Гений христианства

Молодое поколение несет в себе все самое прекрасное и благородное; меня властно влечет к нему, словно в нем — источник моей собственной юности; я желаю ему успеха и счастья и потому считаю своим долгом не льстить ему. Заблуждения толкнули его на ложный путь, в конце которого его не ждет ничего, кроме отвращения и страдания. Я знаю, что сегодня у него нет достойного поприща, что оно задыхается в кругу посредственностей, поэтому искры таланта, сверкнув в ночи, мгновенно гаснут[460]; но лучше и достойнее долго и кропотливо трудиться в тиши и вдали от людей, нежели наспех слагать стихи, обреченные на скорое забвение.

Я подхожу к концу главы, и меня одолевают угрызения совести вкупе с сомнениями; угрызения совести—» ибо я осмелился сказать, что Данте, Шекспир, Тассо, Камоэнс, Шиллер, Мильтон, Расин, Боссюэ, Корнель и некоторые другие, возможно, не удостоятся всемирной славы, какой удостоились Гомер и Вергилий; сомнения — ибо я решил, что эпоха всеобщих авторитетов кончилась.

Зачем же я отнимаю у человека ощущение бесконечности, без которого он ничего не свершит и никогда не поднимется на достойную его высоту? Если я чувствую, как угасают мои жизненные силы, разве следует из этого, что их не хватает и моим соседям? Не от легкой ли досады на самого себя подхожу я со слишком строгими требованиями к способностям других? Ну что ж, вернем все в исходное положение: возвратим сегодняшним и завтрашним талантам надежду на непреходящую славу, которой вполне достойны несколько современных писателей и писательниц[461]: если они обретут всемирную известность, меня это лишь обрадует. Отстав в пути, я не стану ни сетовать, ни тем более о чем–либо сожалеть:

Si post fata venit gloria, non propero [462].

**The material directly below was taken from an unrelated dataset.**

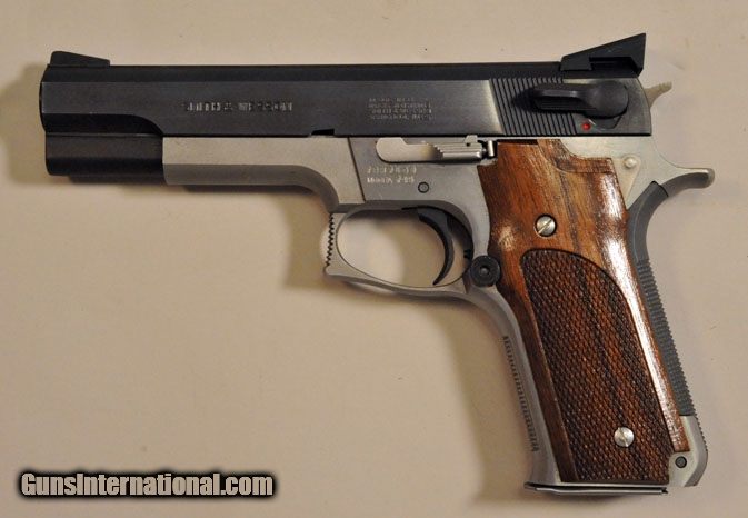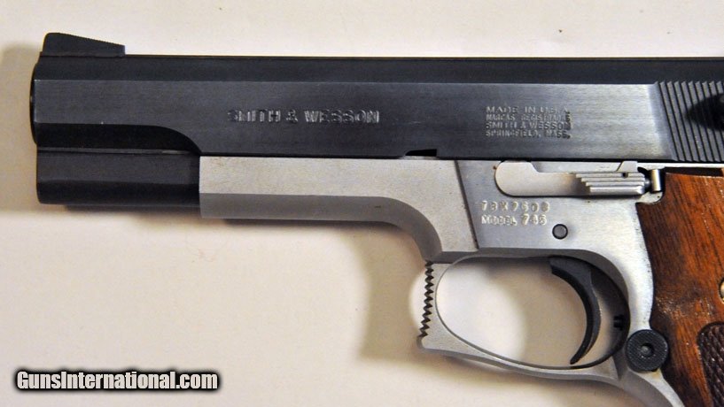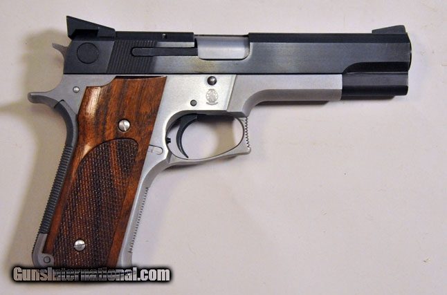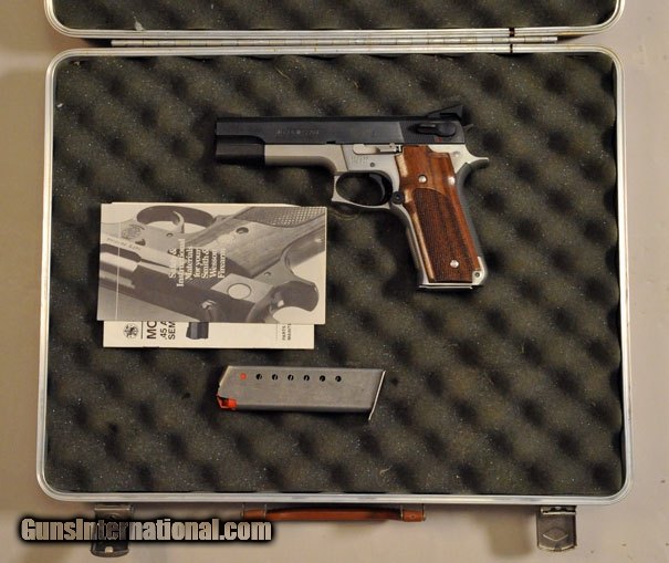 Description: Smith & Wesson Model 745 Ser. No. TBK7608. .45 ACP- 5" barrel. Stainless frame with steel slide and checkered walnut stocks. Comes with 2 mags, papers and hard case. SOLD |

Романы. — Печальные истины, которые обнаруживаются при чтении долгой переписки. — Эпистолярный стиль

<···> Действие и персонажи романов в письмах ограничены узким пространством, и потому романы эти не пробуждают ни грусти, ни сострадания и не содержат философской истины. Иное дело — подлинная переписка. Возьмите, например, собрание сочинений Вольтера; прочтите первое письмо, адресованное в 1715 году маркизе де Мимюр, и последнюю записку, посланную 26 мая 1778 года, за четыре дня до смерти, графу де Лалли Тол· лендалю; задумайтесь обо всем, что произошло за разделяющие эти два послания шестьдесят три года.

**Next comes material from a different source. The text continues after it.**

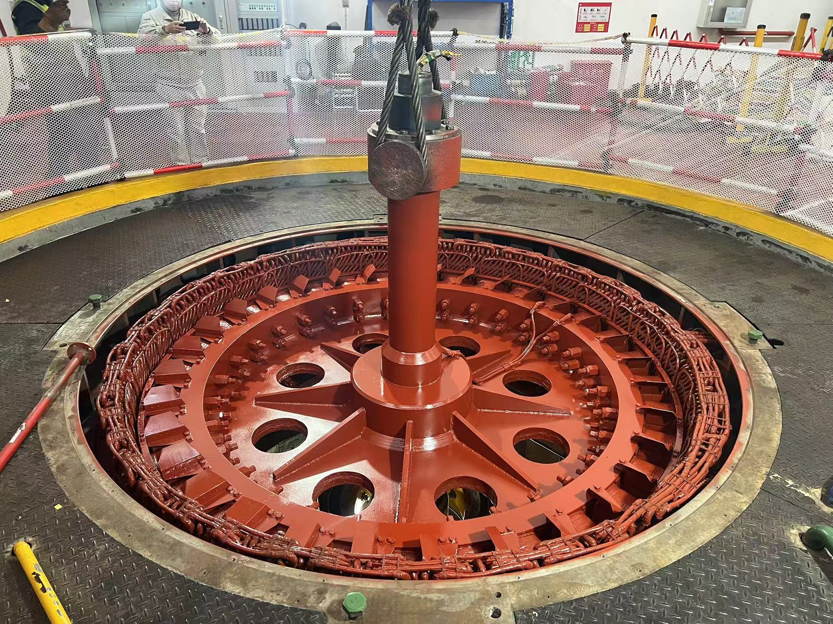 為確保轉(zhuǎn)子能夠順利回裝,回裝前,該公司組織召開動員會,從工作流程、人員分工、安全措施、安全交底等方面進(jìn)行精心部署和周密安排,明確回裝程序、進(jìn)行危險點(diǎn)分析、對安全注意事項提出具體要求,全面核查回裝前各項準(zhǔn)備工作,做到萬無一失。在操作、指揮等專業(yè)技術(shù)人員的密切配合下,經(jīng)過50多分鐘的緊張作業(yè),轉(zhuǎn)子平穩(wěn)落入機(jī)坑,整個回裝工作順利完成。

Взгляните на длинное шествие усопших: Шолье, Сидевиль, Тирио, Альгаротти, Женонвиль, Гельвеций; дамы — принцесса Байрейтская, супруга маршала де Виллара, маркиза де Помпадур, графиня де Фонтен, маркиза Дю Шатле, госпожа Дени, а также прелестные беззаботные создания — особы вроде Лекуврер, Любер, Госсен, Салле, Камарго — Терпсихоры с поступью граций[463], как писал поэт; их легкий пепел развеяла ныне по ветру порхающая по сцене Тальони.

Рано или поздно, перевернув страницу этой переписки, вы не находите на обороте одного из привычных имен; новый Женонвиль, новая Дю Шатле всплывают, чтобы через двадцать писем уйти навсегда: одна дружба сменяет другую, старая любовь уступает место новой.

Приближаясь к могиле, знаменитый старец утрачивает связь с поколениями, вступающими в жизнь: только слава его достигает их ушей; для них жив лишь его голос, доносящийся из Фернейской пустыни.

Какая бездна разделяет стихи к единственному сыну Людовика XIV:

Монарха славного дитя, Ты — наше упованье[464], —

и стансы к госпоже Дю Деффан:

Восьми десятилетий узы На миг расторг негромкий глас МоеА старинной, дряхлой Музы, И это удивляет Вас… Порой смеется лист зеленый Сквозь снег, летящий на цветник, И тешит мир — но, убеленный, Сей лист увянет через миг[465].

Прусский король, русская императрица[466], все могущественные и знаменитые люди земли, преклонив колена, принимают, словно грамоту, дарующую бессмертие, несколько строк того, кто был свидетелем кончины Людовика XIV, правления Людовика XV, рождения и царствования Людовика XVI и является живой историей Франции от Короля–Солнца до Короля–Мученика.